Our potential participant pools were located in our partner universities in four different countries, namely Greece, Cyprus, Italy, and Sweden. Yet, physical meetings were impossible at the time due to the first wave of the COVID-19 pandemic and the strict lockdowns it introduced. That’s why, after the purchase of our Fitbit Sense devices we had to distribute them across our partners via registered post.
Each partner was then responsible for disseminating the call for volunteers and recruiting participants for the RAIS Consortium Experiment. The process was overseen by fellows at the Aristotle University of Thessaloniki and special care was given to a gender-balanced recruitment. In total, across both study rounds, we recruited 25 participants in Greece, 24 in Sweden, 12 in Cyprus, and 10 in Italy.

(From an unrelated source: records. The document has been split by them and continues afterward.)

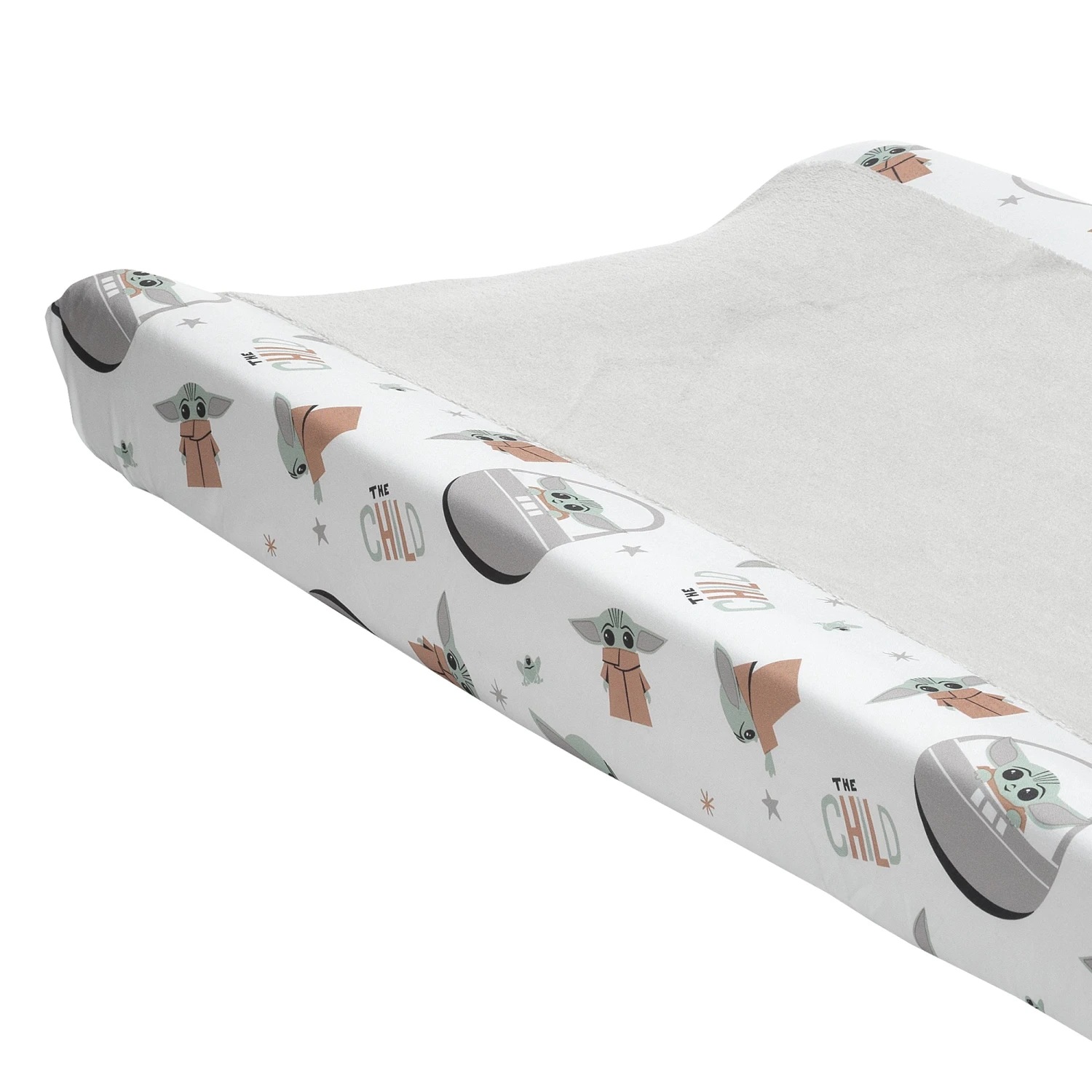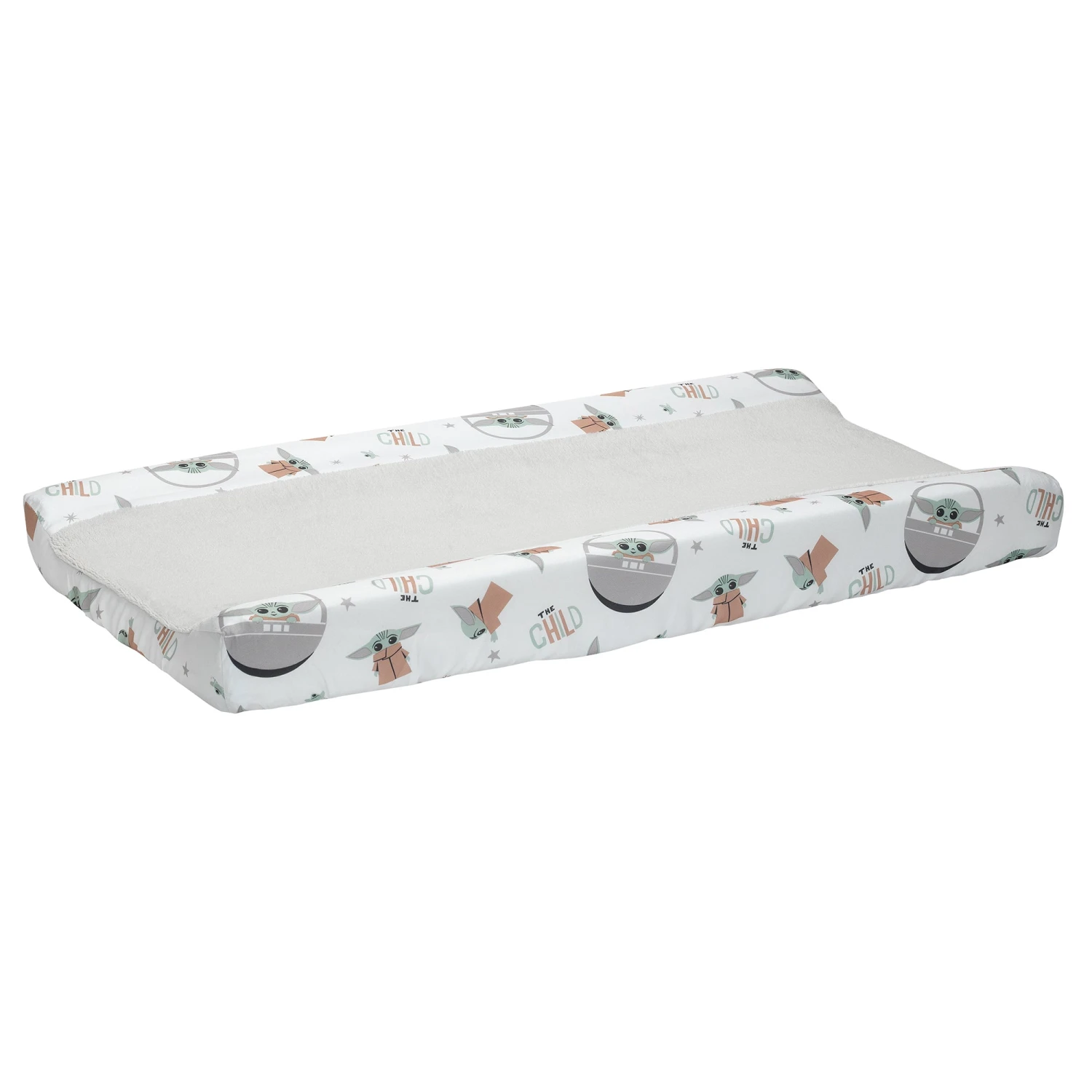 A trendy gray soft luxurious coral fleece center is perfect for changing your little one. The side panels are a soft microfiber featuring Baby Yoda in different poses along with the words “The Child”. There are summaryholes for the changing pad straps so your little one is safe and secure while getting their diaper changed. It is machine washable for easy care. Fits most standard size changing pads. SKU: 871850, UPC: 084122013773.
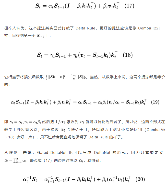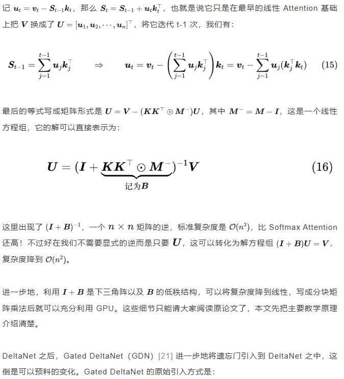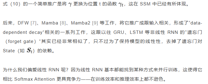 这反过来对模型提出了要求,如只有外积形式的遗忘门才能实现这个目的,典型反例就是 Mamba,它是非外积的遗忘门,无法充分发挥 GPU 的性能,所以才有了后续 Mamba2 和 GLA [11] 等变化。
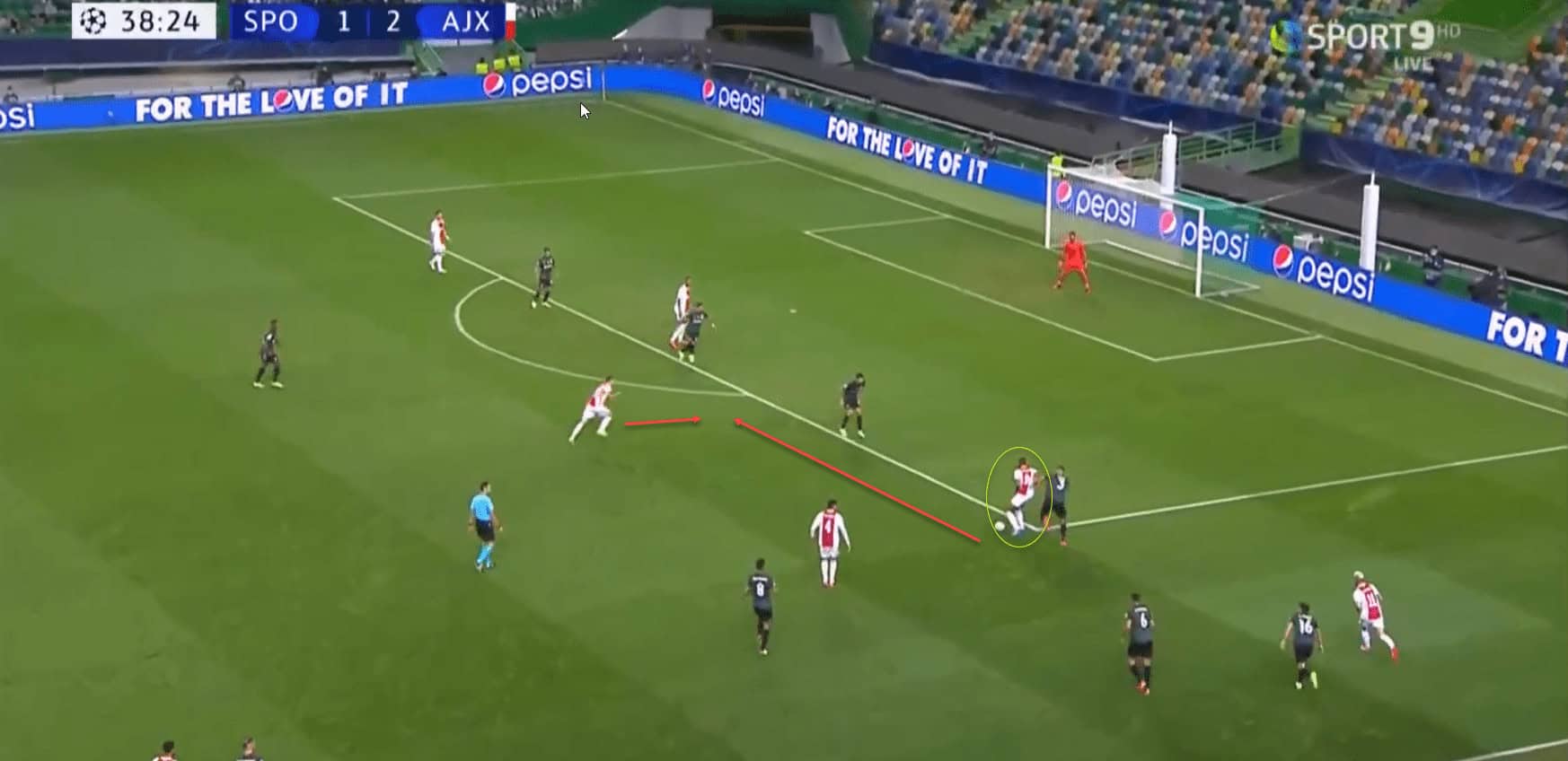 He then opens himself up into the space highlighted and plays a pass to the on running Dusan Tadic. Tadic carries the ball into the box and scores for Ajax in the UEFA Champions League.
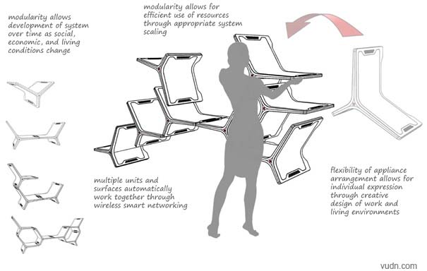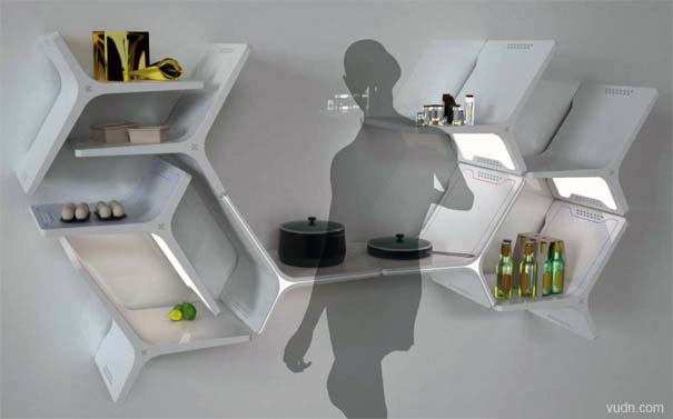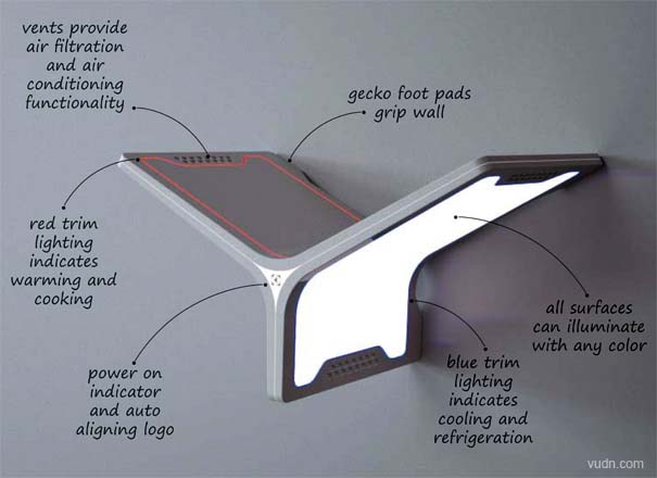 這是一種壁掛式的廚房用具系列,從冰箱,空調(diào),照明和烹飪模塊,你都可以隨意添加或選擇你喜歡的家庭適合模塊。每一個(gè)都是互不干擾的獨(dú)立模塊,但是看起來就像是一個(gè)網(wǎng)絡(luò)版塊,效率與華麗同在。
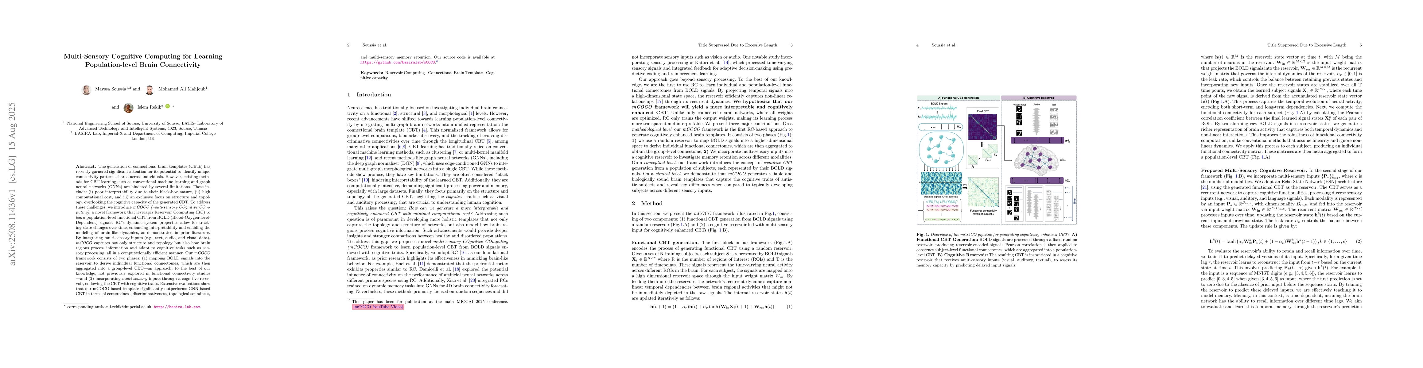 The generation of connectional brain templates (CBTs) has recently garnered significant attention for its potential to identify unique connectivity patterns shared across individuals. However, existing methods for CBT learning such as conventional machine learning and graph neural networks (GNNs) are hindered by several limitations. These include: (i) poor interpretability due to their black-box nature, (ii) high computational cost, and (iii) an exclusive focus on structure and topology, overlooking the cognitive capacity of the generated CBT. To address these challenges, we introduce mCOCO (multi-sensory COgnitive COmputing), a novel framework that leverages Reservoir Computing (RC) to learn population-level functional CBT from BOLD (Blood-Oxygen-level-Dependent) signals. RC's dynamic system properties allow for tracking state changes over time, enhancing interpretability and enabling the modeling of brain-like dynamics, as demonstrated in prior literature. By integrating multi-sensory inputs (e.g., text, audio, and visual data), mCOCO captures not only structure and topology but also how brain regions process information and adapt to cognitive tasks such as sensory processing, all in a computationally efficient manner. Our mCOCO framework consists of two phases: (1) mapping BOLD signals into the reservoir to derive individual functional connectomes, which are then aggregated into a group-level CBT - an approach, to the best of our knowledge, not previously explored in functional connectivity studies - and (2) incorporating multi-sensory inputs through a cognitive reservoir, endowing the CBT with cognitive traits. Extensive evaluations show that our mCOCO-based template significantly outperforms GNN-based CBT in terms of centeredness, discriminativeness, topological soundness, and multi-sensory memory retention. Our source code is available at https://github.com/basiralab/mCOCO.
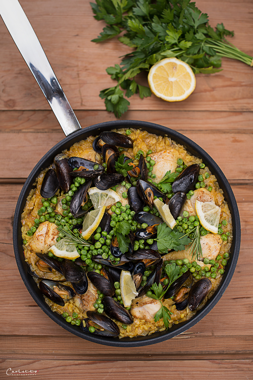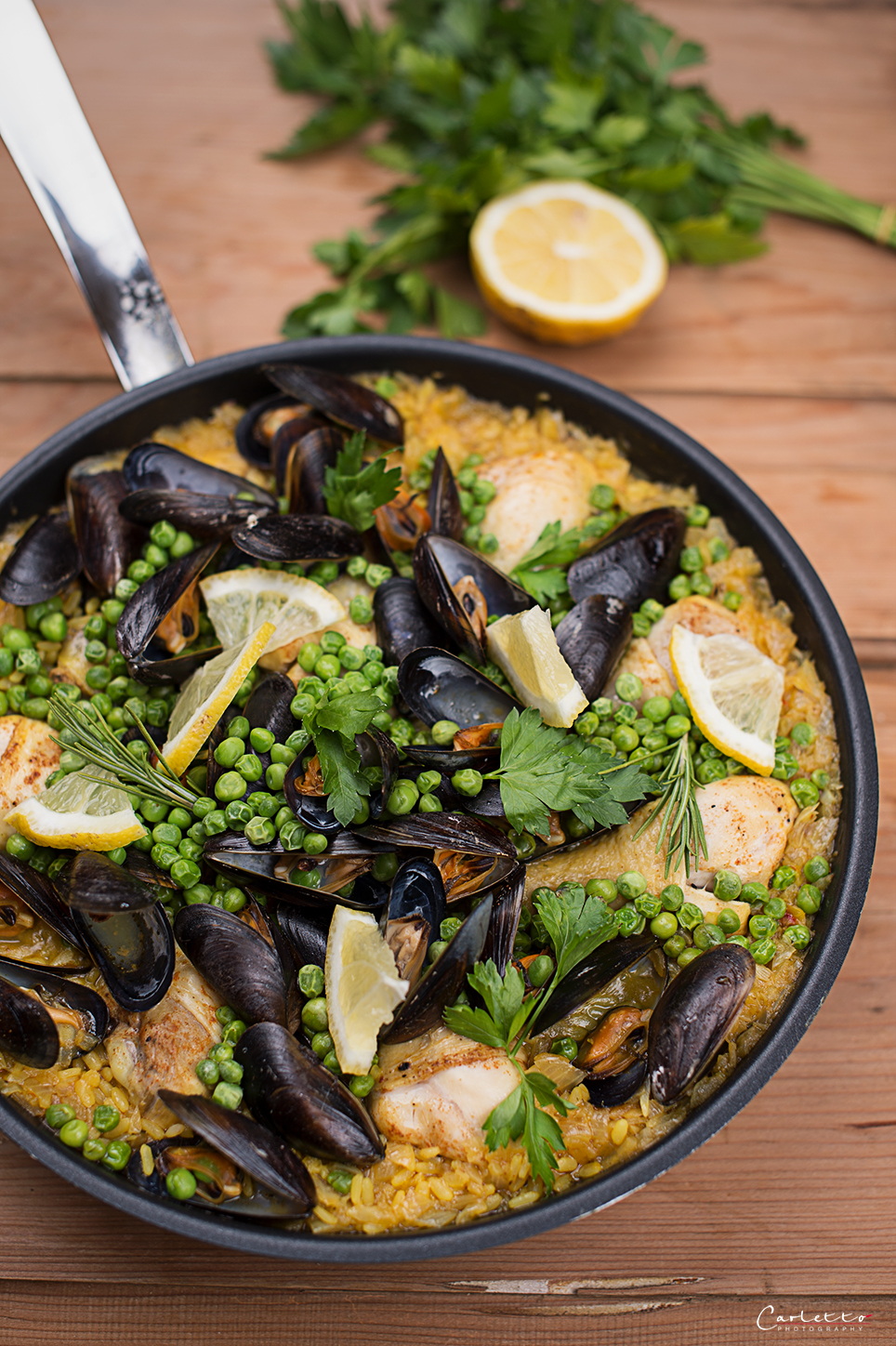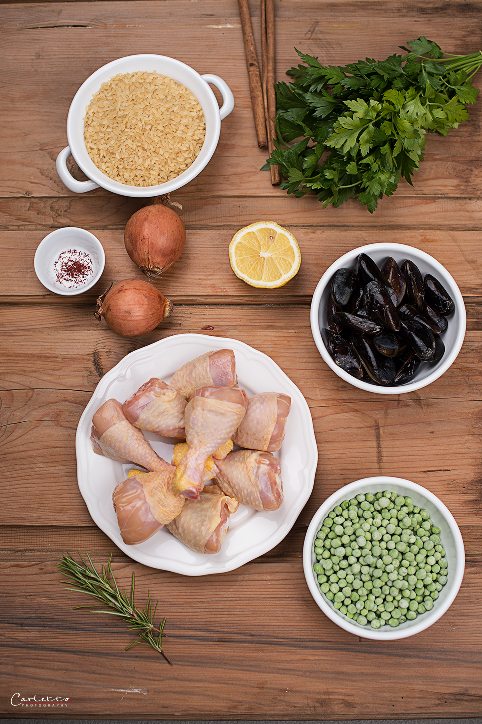 Die Zwiebel schälen und fein hacken. Die Petersilie waschen, von den Stielen befreien und fein hacken. Etwas Olivenöl in einer tiefen Pfanne erhitzen. Die Hendlschenkel darin von beiden Seiten für ein paar Minuten anbraten. Mit Paprikpulver, Salz und Pfeffer würzen. Die Hühnerschenkel aus der Pfanne nehmen und zur Seite stellen. Die Zwiebeln in die Pfanne geben und unter Rühren glasig dünsten. Den Rundkornreis hinzufügen und kurz rühren. Mit Weißwein ablöschen. Die Hühner- oder Gemüsebrühe und den Saft einer halben Zitrone hinzugeben. Den Safran und die gehackte Petersilie unterheben. Anschließend wieder entfernen. Mit etwas Salz und Pfeffer würzen. Die Zimtstange dazugeben und für ein paar Minuten mitgaren lassen. Die Hühnerschenkel hinzufügen und mit geschlossenem Deckel bei mittlerer Hitze für 10 bis 12 Minuten garen. Die sauber unter kaltem Wasser gewaschenen Muscheln hinzufügen und nochmals 10 Minuten mit Deckel fertiggaren. Nach weiteren fünf Minuten die Erbsen obenauf geben und mit Deckel fertig garen.
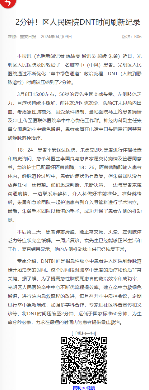 宝安日报:2分钟!区人民医院DNT时间刷新纪录

Throughout the duration of the study, all participants received weekly hand-drafted emails (with useful Fitbit tips!) encouraging them to continue contributing to the study and asking them to complete certain surveys.
We also adopted many monitoring processes to have a first look at statistics on compliance in real-time to encourage less engaged participants to contribute to the study.
Once the study’s nine weeks had passed, we had to, unfortunately, bid our participants goodbye. We asked them to complete their last surveys and share their data with us, again reminding them of the importance of data privacy and security for the RAIS Consortium and the scientific community. And we did hold true to our promise; a dedicated data anonymization team was working for months after the end of the user studies to verify the anonymity of the LifeSnaps dataset before publication.
A real-world use case
An indicative real-world use case of LifeSnaps is the mental healthcare sector. Finding out the trajectories of a patient's psychological traits often requires repeated verbal interactions. Traditional in-person interviews are not always preferable because of the economic burden on clinicians and patients. Additionally, self-reported questionnaires can be problematic as they are based on patient recollections and self-representation. These two tools can be combined and enriched with passively and objectively collected behavioral data. That's exactly what LifeSnaps is, and hopefully, it will facilitate research in the mental health domain, advancing prevention and treatment.